Stored records
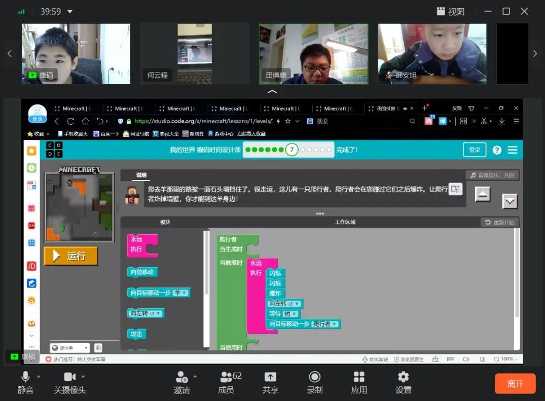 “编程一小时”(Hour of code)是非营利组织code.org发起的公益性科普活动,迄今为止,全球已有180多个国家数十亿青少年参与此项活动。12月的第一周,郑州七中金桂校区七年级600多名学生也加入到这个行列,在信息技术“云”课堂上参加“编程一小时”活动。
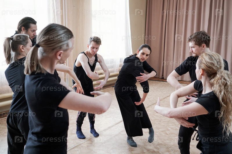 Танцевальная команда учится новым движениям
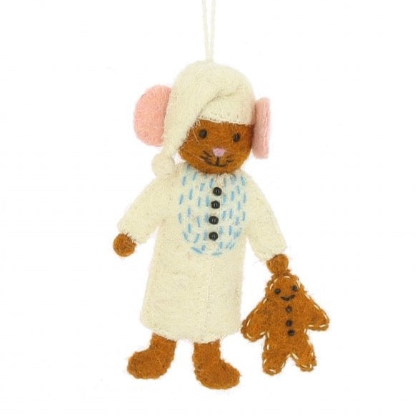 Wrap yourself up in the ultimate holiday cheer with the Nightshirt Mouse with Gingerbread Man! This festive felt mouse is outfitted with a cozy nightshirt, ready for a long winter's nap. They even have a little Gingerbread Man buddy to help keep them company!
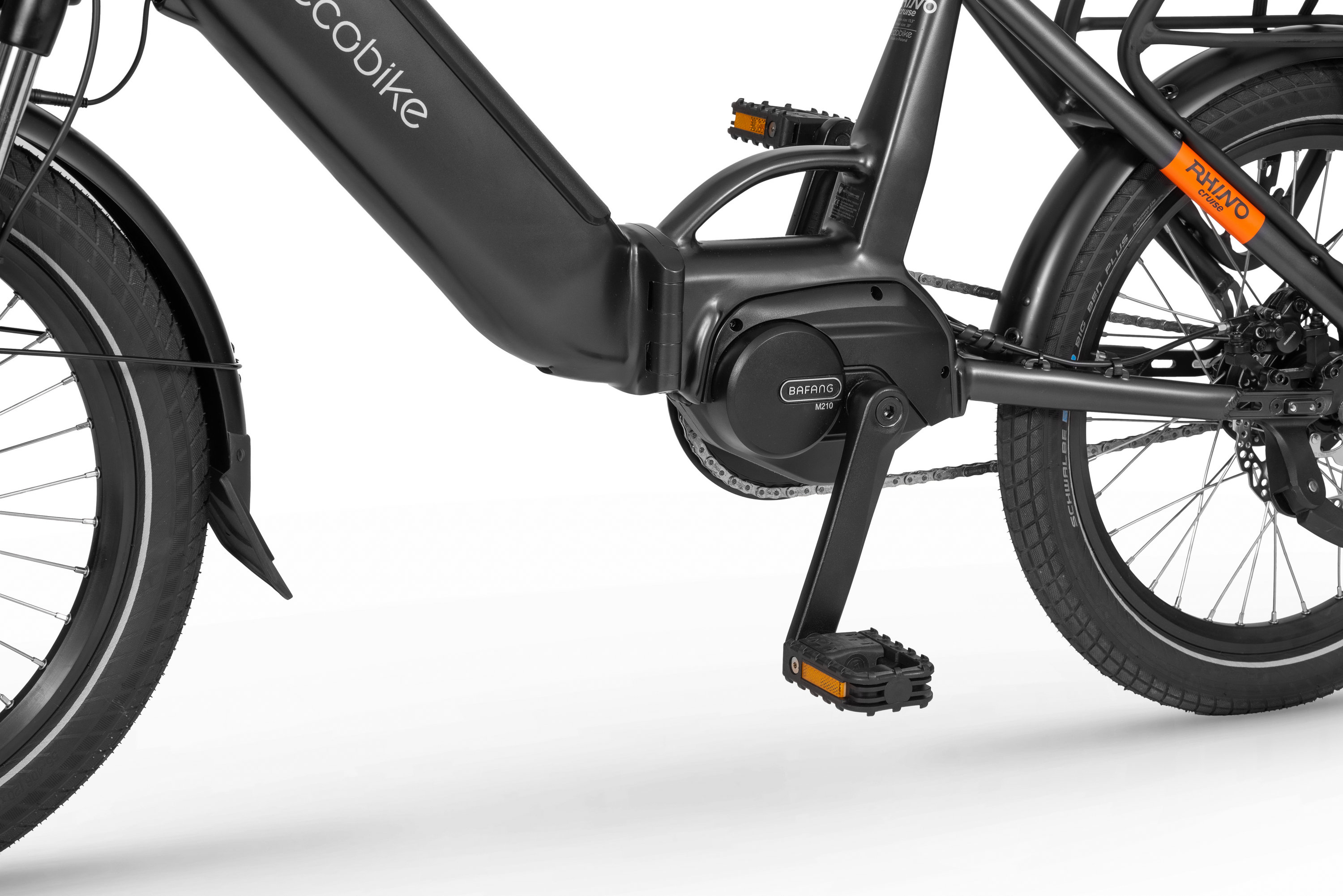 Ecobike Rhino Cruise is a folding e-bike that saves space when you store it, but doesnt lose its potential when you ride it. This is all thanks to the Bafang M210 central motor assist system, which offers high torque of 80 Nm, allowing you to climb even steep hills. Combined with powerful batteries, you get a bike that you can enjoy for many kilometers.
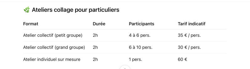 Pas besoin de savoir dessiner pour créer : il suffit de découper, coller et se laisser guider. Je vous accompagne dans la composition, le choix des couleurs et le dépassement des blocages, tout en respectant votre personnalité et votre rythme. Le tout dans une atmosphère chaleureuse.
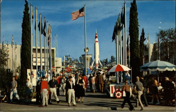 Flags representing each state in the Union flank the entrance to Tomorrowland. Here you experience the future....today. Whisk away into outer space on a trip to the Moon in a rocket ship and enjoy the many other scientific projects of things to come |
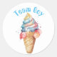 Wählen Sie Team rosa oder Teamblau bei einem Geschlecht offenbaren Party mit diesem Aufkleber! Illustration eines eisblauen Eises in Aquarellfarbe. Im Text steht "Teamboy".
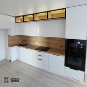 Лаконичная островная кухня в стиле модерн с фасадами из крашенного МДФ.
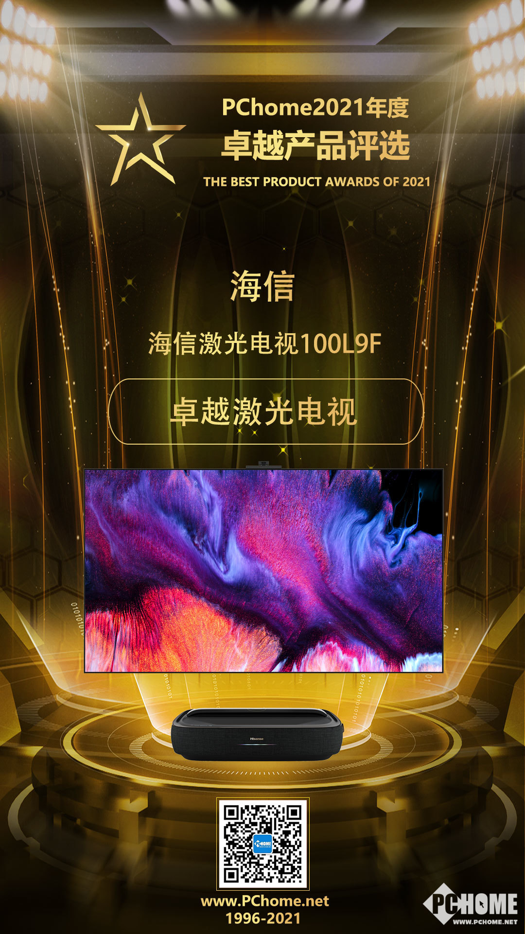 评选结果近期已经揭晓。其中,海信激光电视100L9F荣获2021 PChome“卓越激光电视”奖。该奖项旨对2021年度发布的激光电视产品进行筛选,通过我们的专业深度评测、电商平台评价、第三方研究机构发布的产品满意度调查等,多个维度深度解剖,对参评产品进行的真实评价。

Problem statement:
The answer should consist only of the lines above from the one with "Танцевальная команда учится новым движениям" through the one with "Pas besoin de", repeated exactly, with no pictures among them.

Exercise solution:
 Танцевальная команда учится новым движениям
 Wrap yourself up in the ultimate holiday cheer with the Nightshirt Mouse with Gingerbread Man! This festive felt mouse is outfitted with a cozy nightshirt, ready for a long winter's nap. They even have a little Gingerbread Man buddy to help keep them company!
 Ecobike Rhino Cruise is a folding e-bike that saves space when you store it, but doesnt lose its potential when you ride it. This is all thanks to the Bafang M210 central motor assist system, which offers high torque of 80 Nm, allowing you to climb even steep hills. Combined with powerful batteries, you get a bike that you can enjoy for many kilometers.
 Pas besoin de savoir dessiner pour créer : il suffit de découper, coller et se laisser guider. Je vous accompagne dans la composition, le choix des couleurs et le dépassement des blocages, tout en respectant votre personnalité et votre rythme. Le tout dans une atmosphère chaleureuse.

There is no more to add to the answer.